Мне захотелось, чтобы он поскорее ушел. Я не желала слышать эти имена из его уст. Воспоминания о самых счастливых днях своей жизни были моими, и только моими, как маленький чудесный дар, который помогал мне держаться, когда становилось совсем невмоготу; и я не хотела, чтобы немец марал их своими небрежными замечаниями.
— Господин комендант, мне нужно убрать посуду. С вашего позволения. — И я начала складывать стопкой тарелки, составлять бокалы.
Но он даже не шелохнулся. Его глаза были обращены к портрету, а мне казалось, будто он смотрит на меня.
— Я так давно не разговаривал об искусстве, — произнес он, словно обращаясь к портрету, затем заложил руки за спину и повернулся ко мне: — Увидимся завтра.
Когда он проходил мимо, я была не в силах поднять на него глаз.
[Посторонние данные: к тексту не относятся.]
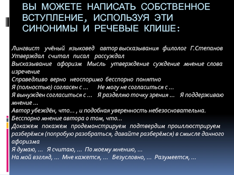 Слайд 6Вы можете написать собственное вступление, используя эти синонимы и речевые
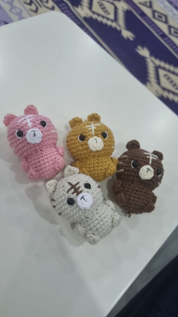 Renkli, el örgüsü peluş oyuncaklar, dikiş detaylı sevimli hayvan figürleriyle. Yumuşak ve şirin koleksiyonluk oyuncaklar.
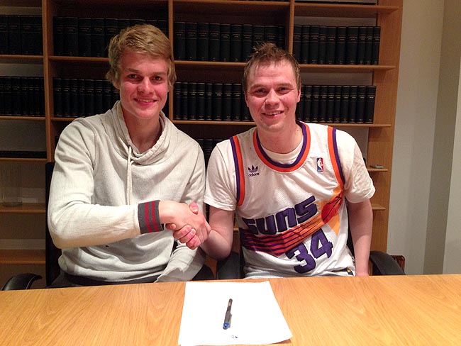 Mynd/ SC: Björgvin og Elvar Guðmundsson formaður ÍR á skrifstofum Landslaga í gærkvöldi.
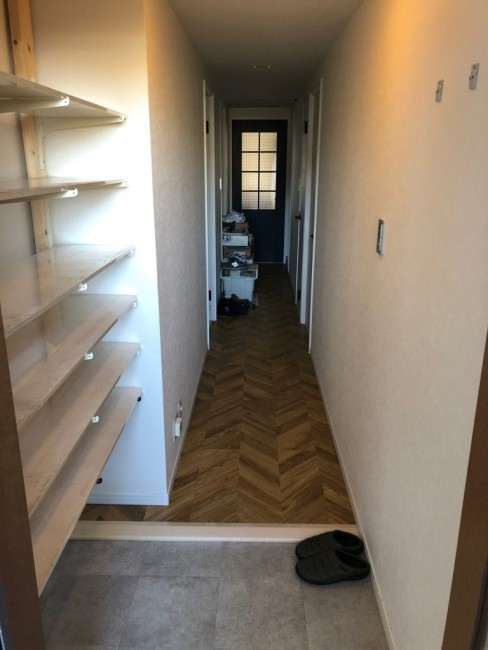 ![]() 写真左、廊下と面する壁が洋室との仕切りとなっている壁。この壁の一部を撤去し玄関スペースを拡大します。 |
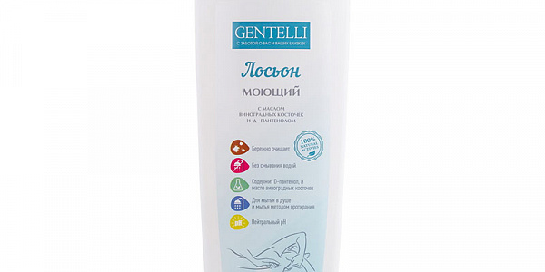 Моющий лосьон Gentelli с маслом виноградных косточек и Д-пантенолом для мягкого очищения сухой и чувствительной кожи. Лосьон эффективно очищает кожу и удаляет неприятные запахи, не маскируя их, после применения остается полное ощущение комфорта (имеет нейтральный уровень pH). Д-пантенол и масло виноградных косточек оказывают питательное, увлажняющее и регенерирующее защитные действия.
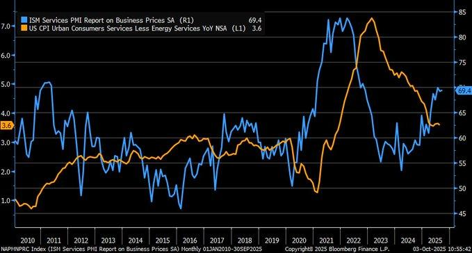 The September ISM Services report for 2025 provided a mixed picture for both the U.S. and world economies. Headline services activity flatlined at a PMI of 50, whereas a sub-index, Prices Paid, surged to a high of 69.4—its highest reading since early 2023. The change here shows ongoing inflationary momentum for the services component, a large and important sector of interest closely watched by the Fed. On a historical chart, there’s been a significant—far-from-excellent—correlation between ISM Services Prices Index and core CPI services inflation, for which it’s a leading directional indicator of policy thinking.
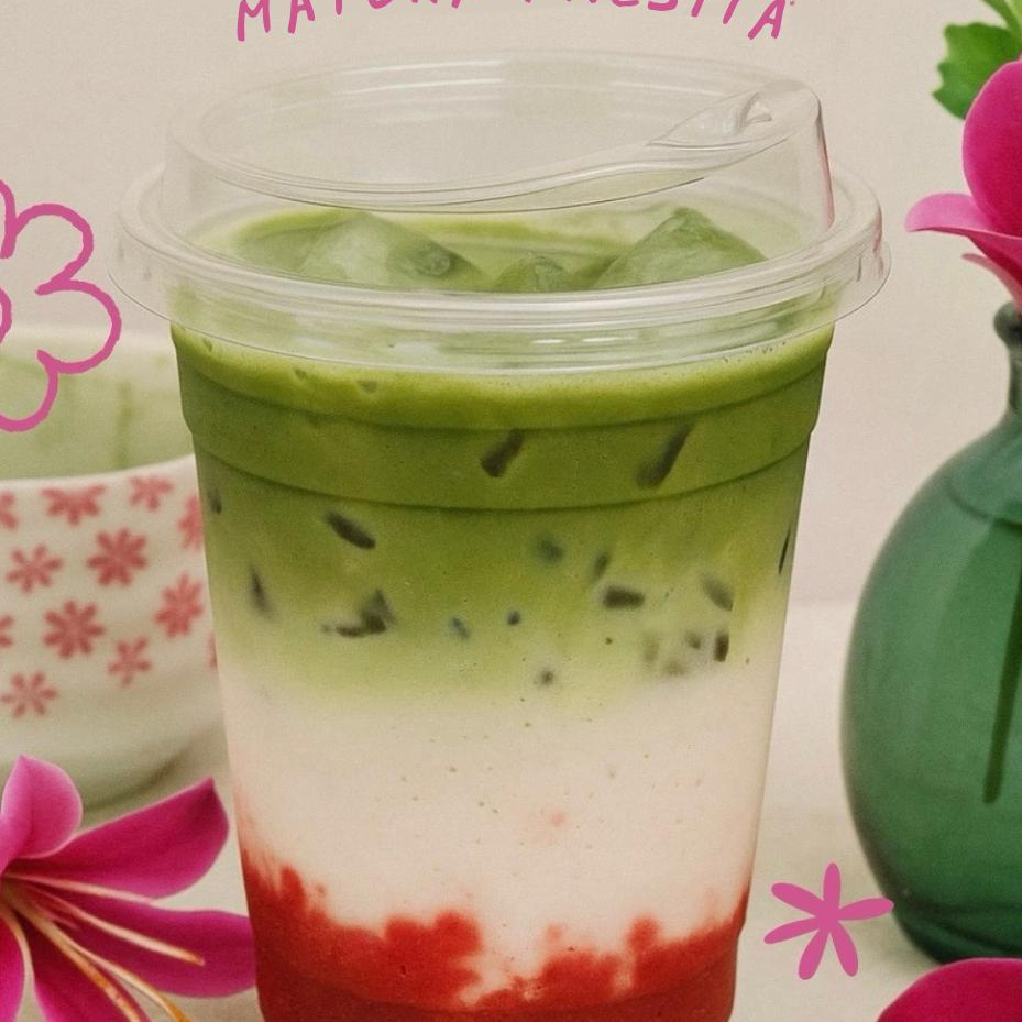 Fusión de puré artesanal de fresa, leche orgánica y matcha ceremonial. fresco , cremoso y naturalmente equilibrado, presentación 450 ml (16 oz)
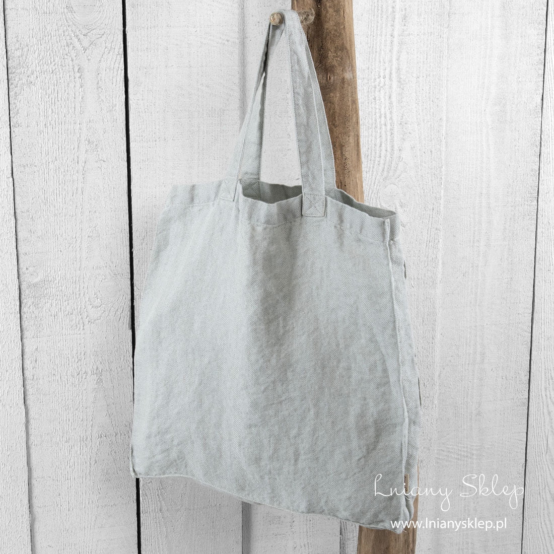Jasna torba prany len z tkaniny wytkanej splotem jodełkowym z przędzy niebarwionej i jasnej o odcieniu morskim (niebiesko – zielonym). Ramiączka długie 46cm. Wygodna torba wielokrotnego użytku z tkaniny 100% lnianej na spakowanie zakupów oraz różnych drobiazgów: książek, butów sportowych i in.

— Господин комендант! — произнесла я, с трудом удерживая в руках гору тарелок.
— Спокойной ночи, мадам.
Когда я наконец поднялась наверх, Элен уже спала, уткнувшись лицом в покрывало. Похоже, у нее даже не было сил снять одежду, в которой она стряпала на кухне. Я расстегнула ей корсет, сняла с нее башмаки и накрыла одеялом. Затем легла рядом, но из-за вертевшихся в голове мучительных мыслей до утра так и не сомкнула глаз.
10
Жаль (фр.).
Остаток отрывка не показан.